• WHAT THIS TASK INVOLVES
Repeat the records exactly, minus the pictures.

• MATERIALS PROVIDED
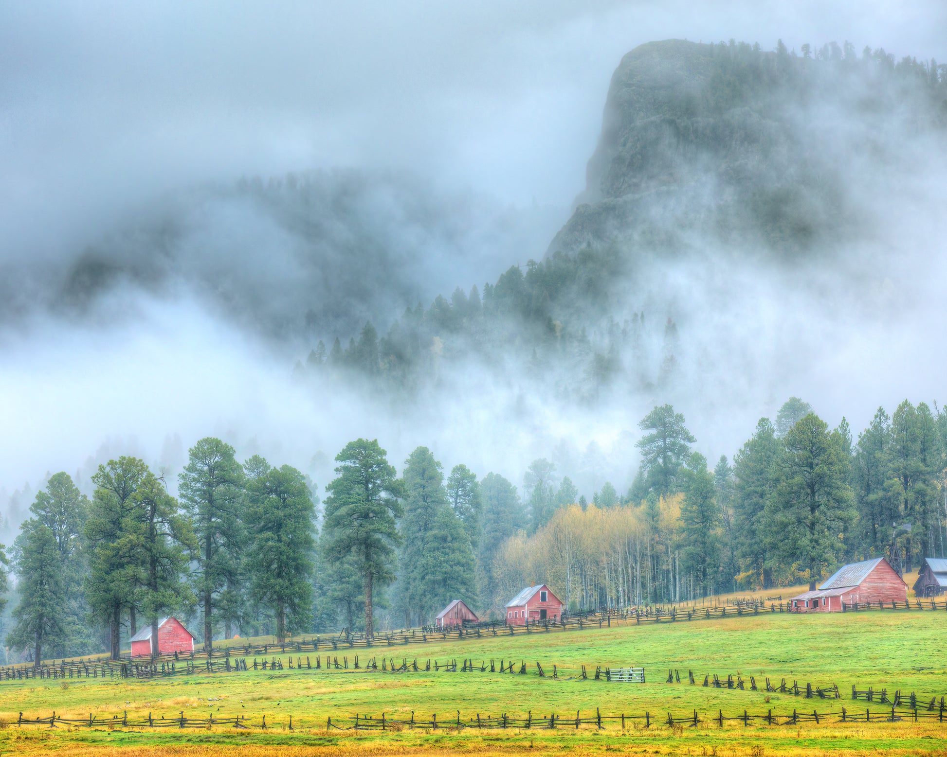 On a stormy morning in the San Juan Mountains, we drove to this location not sure what we would find. We had been shooting variations of this scene for several days and we saw the clouds had lowered into the hills so we had to go look. It was amazing. When printed large, you see so many cool details in the shot, like the little black birds on the fences. One of our favorite new images.
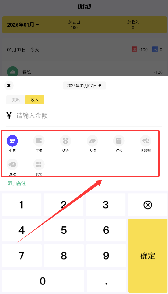 2、点击日期并选择支出或收入类型,输入金额再挑选一个合适的消费类别就好啦。
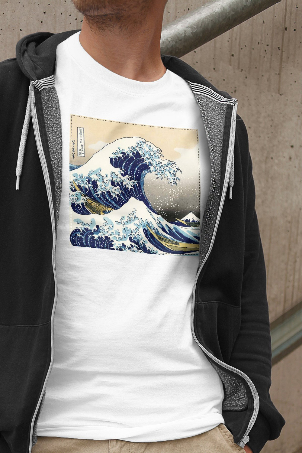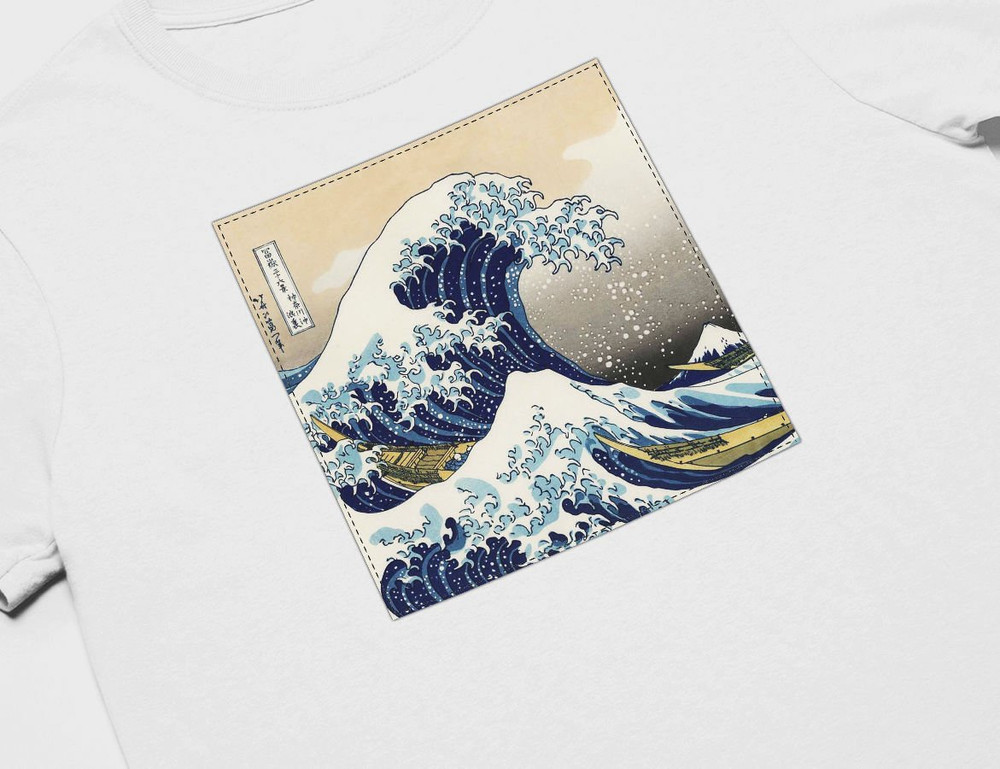 Koszulka z naszywką Wielka fala w Kanagawie Hokusai Katsushika
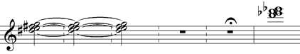 Помимо элемента С в серийную логику не вписываются квинтаккорды pizzicato. Любопытно, что звуки вступления голосов тоже образуют квинтаккорд: es2-as1-b2-des1. Это свидетельствует о том, что гармония эта является для всего «западного» раздела дополнительным конструктивным элементом (ДКЭ).
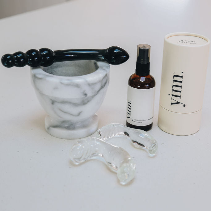 This kit includes our best selling glass prostate massager, organic lubricant by Yinn & the Medusa, black glass pleasure wand - ideal tools for exploring anal play and experiencing incredibly pleasurable orgasms or ejaculation.
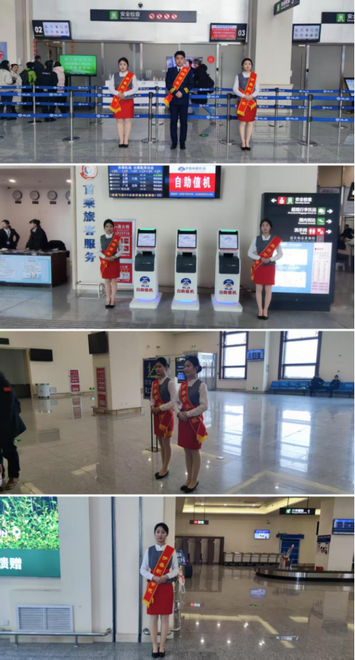 上午,志愿者們早早地抵達伊春林都機場,與機場工作人員對接后,按照機場工作崗位服務流程分成了引導咨詢組、秩序維護組、特殊旅客幫扶組和值機助理組等四個服務組,之后志愿者們投入到了緊張而有序的服務工作中。
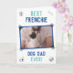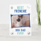 Frenchies, visa Pappa lite kärlek i Far med ett kort för personlig från dig. Ladda upp ett foto som du själv eller med ditt humana (4 x 5 tum fungerar bäst). På kortets framsida står "Best Frenchie hund Pappa nånsin". Inuti meddelandet står det "I kärlek mer än walkies, Lycklig Far's Day". Utformningen innehåller handritade illustrationer av ett hund, ben, hund och hund. Teckensnitt och färg och ändras.
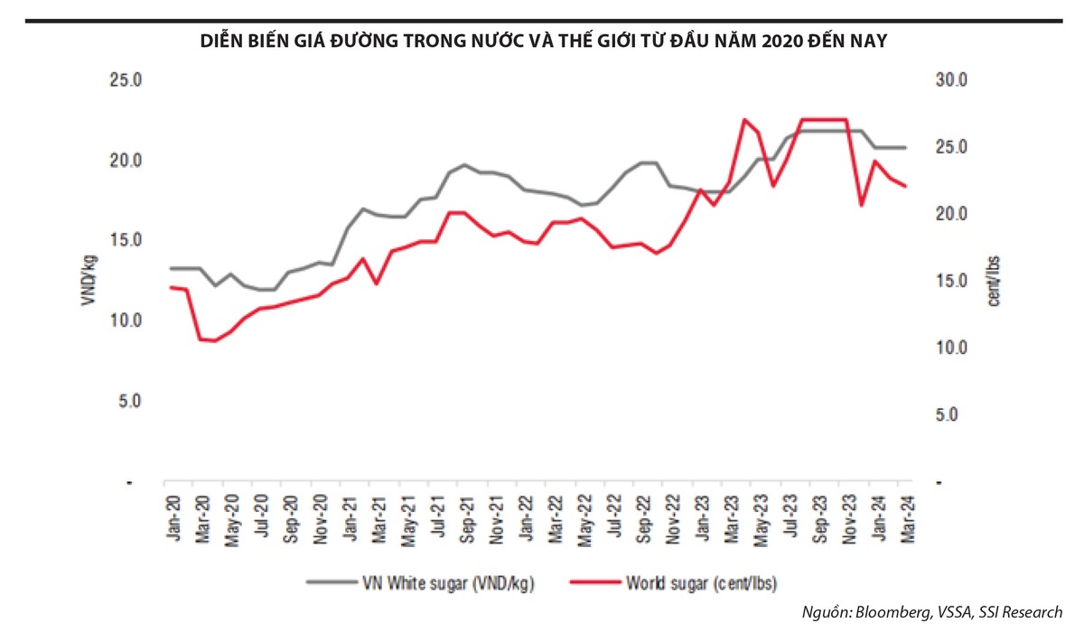 Công ty Chứng khoán SSI cho rằng, trong ngắn hạn, giá đường thế giới không tác động trực tiếp đến giá đường trong nước, do đường nhập khẩu đang được giám sát chặt chẽ và tuân thủ chính sách chống bán phá giá, chống trợ cấp. Trong khi đó, Thái Lan đang phải chịu hạn hán nghiêm trọng, ảnh hưởng đến sản lượng mía đường, dẫn đến việc xuất khẩu đường bị giám sát và suy giảm.
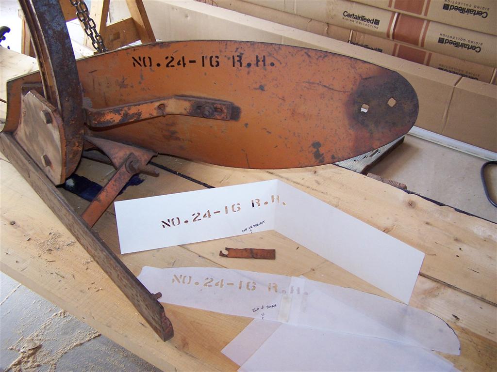 I have never found the correct size number stamps to do so though. I can get the tag number if that means anything to anyone. Here is a pic of my torn tag: It was still attached to the the plow by the hog ring still visible on the plow in this photo (on bracket directly under the period on plow stencil. I was making a stencil from the original factory lettering in photo). I removed the tag while restoring the plow.
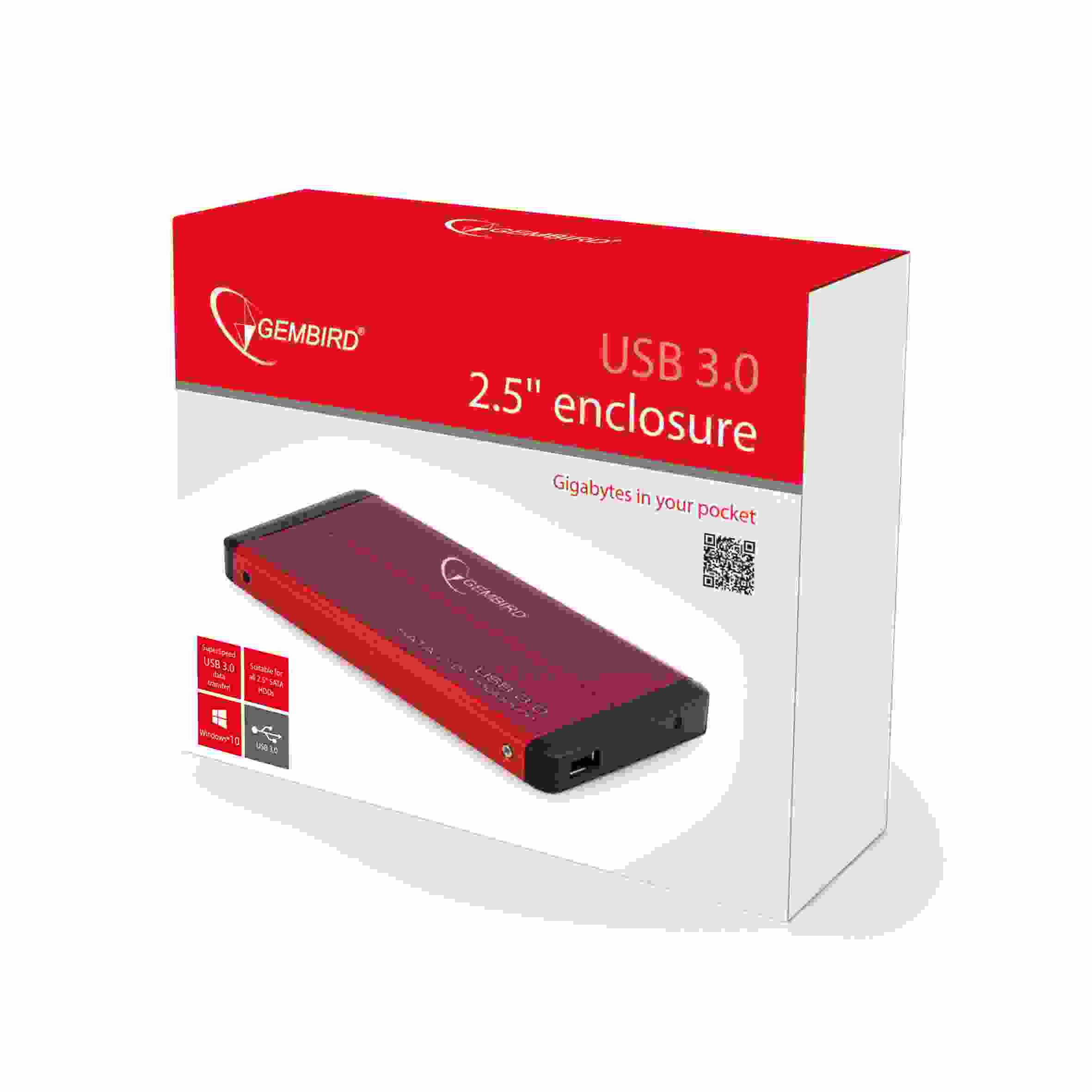 Externý box GEMBIRD pre 2.5" zariadenie, USB 3.0, SATA, červená
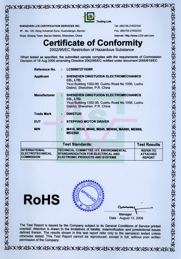 首頁->產(chǎn)品認證->步進驅動器RoHS認證證書
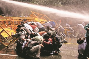 Doctors’ associations and medical students protesting against the Centre’s decision to implement the Other Backward Classes (OBC) quota at the postgraduate level, in New Delhi on August 24, 2006. The Constitution (93rd Amendment) Act of 2005 was introduced by the first Manmohan Singh government, granting 27% reservation for OBCs in all Central government institutions. | Photo credit: Express photo by Partha Paul
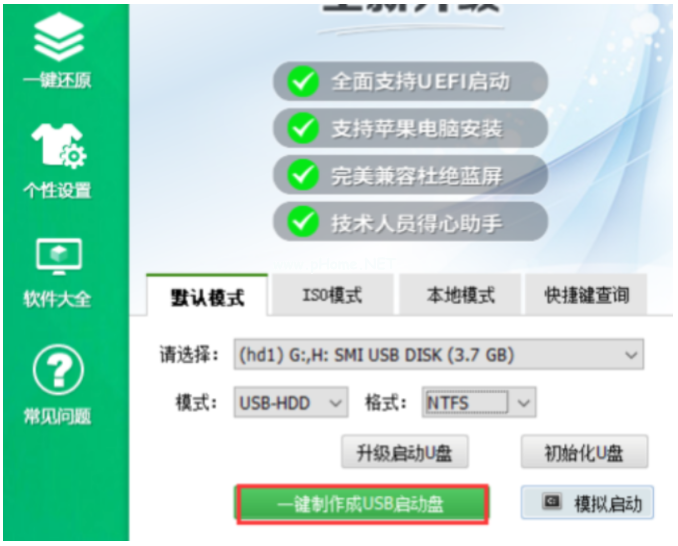 3.點擊USB-HDD,選擇NTFS,接著勾選一鍵制作USB啟動盤。
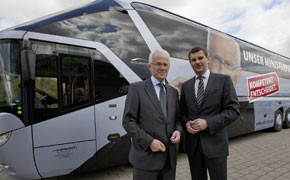 Der amtierende Ministerpräsident von Nordrhein-Westfalen Jürgen Rüttgers (CDU) ist bis zur Landtagswahl am 9. Mai mit einem VIP-Bus aus dem Hause e-weinzierl in Köln unterwegs.
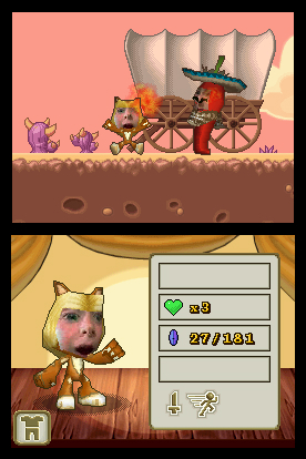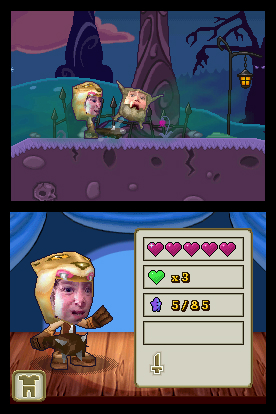 After capturing their picture and recording their voice, players can choose to switch between the eight hero costumes throughout the game, from a muscle-bound barbarian to a slick spy or a sneaky ninja. The adventure unfolds as players discover that their identity has been stolen by the arch villain, The Professor. They will need to track him down across 15 action-packed levels, each loaded with memorable characters– both friend and foe. Players will face many challenges along the way as they try to clear their name including battling baddies across the Haunted Hills, collecting stars throughout the Frantic Frontier and solving platforming puzzles in the Mystic East.

• YOUR SOLUTION
 On a stormy morning in the San Juan Mountains, we drove to this location not sure what we would find. We had been shooting variations of this scene for several days and we saw the clouds had lowered into the hills so we had to go look. It was amazing. When printed large, you see so many cool details in the shot, like the little black birds on the fences. One of our favorite new images.
 2、点击日期并选择支出或收入类型,输入金额再挑选一个合适的消费类别就好啦。
 Koszulka z naszywką Wielka fala w Kanagawie Hokusai Katsushika
 Помимо элемента С в серийную логику не вписываются квинтаккорды pizzicato. Любопытно, что звуки вступления голосов тоже образуют квинтаккорд: es2-as1-b2-des1. Это свидетельствует о том, что гармония эта является для всего «западного» раздела дополнительным конструктивным элементом (ДКЭ).
 This kit includes our best selling glass prostate massager, organic lubricant by Yinn & the Medusa, black glass pleasure wand - ideal tools for exploring anal play and experiencing incredibly pleasurable orgasms or ejaculation.
 上午,志愿者們早早地抵達伊春林都機場,與機場工作人員對接后,按照機場工作崗位服務流程分成了引導咨詢組、秩序維護組、特殊旅客幫扶組和值機助理組等四個服務組,之后志愿者們投入到了緊張而有序的服務工作中。
 Frenchies, visa Pappa lite kärlek i Far med ett kort för personlig från dig. Ladda upp ett foto som du själv eller med ditt humana (4 x 5 tum fungerar bäst). På kortets framsida står "Best Frenchie hund Pappa nånsin". Inuti meddelandet står det "I kärlek mer än walkies, Lycklig Far's Day". Utformningen innehåller handritade illustrationer av ett hund, ben, hund och hund. Teckensnitt och färg och ändras.
 Công ty Chứng khoán SSI cho rằng, trong ngắn hạn, giá đường thế giới không tác động trực tiếp đến giá đường trong nước, do đường nhập khẩu đang được giám sát chặt chẽ và tuân thủ chính sách chống bán phá giá, chống trợ cấp. Trong khi đó, Thái Lan đang phải chịu hạn hán nghiêm trọng, ảnh hưởng đến sản lượng mía đường, dẫn đến việc xuất khẩu đường bị giám sát và suy giảm.
 I have never found the correct size number stamps to do so though. I can get the tag number if that means anything to anyone. Here is a pic of my torn tag: It was still attached to the the plow by the hog ring still visible on the plow in this photo (on bracket directly under the period on plow stencil. I was making a stencil from the original factory lettering in photo). I removed the tag while restoring the plow.
 Externý box GEMBIRD pre 2.5" zariadenie, USB 3.0, SATA, červená
 首頁->產(chǎn)品認證->步進驅動器RoHS認證證書
 Doctors’ associations and medical students protesting against the Centre’s decision to implement the Other Backward Classes (OBC) quota at the postgraduate level, in New Delhi on August 24, 2006. The Constitution (93rd Amendment) Act of 2005 was introduced by the first Manmohan Singh government, granting 27% reservation for OBCs in all Central government institutions. | Photo credit: Express photo by Partha Paul
 3.點擊USB-HDD,選擇NTFS,接著勾選一鍵制作USB啟動盤。
 Der amtierende Ministerpräsident von Nordrhein-Westfalen Jürgen Rüttgers (CDU) ist bis zur Landtagswahl am 9. Mai mit einem VIP-Bus aus dem Hause e-weinzierl in Köln unterwegs.
 After capturing their picture and recording their voice, players can choose to switch between the eight hero costumes throughout the game, from a muscle-bound barbarian to a slick spy or a sneaky ninja. The adventure unfolds as players discover that their identity has been stolen by the arch villain, The Professor. They will need to track him down across 15 action-packed levels, each loaded with memorable characters– both friend and foe. Players will face many challenges along the way as they try to clear their name including battling baddies across the Haunted Hills, collecting stars throughout the Frantic Frontier and solving platforming puzzles in the Mystic East.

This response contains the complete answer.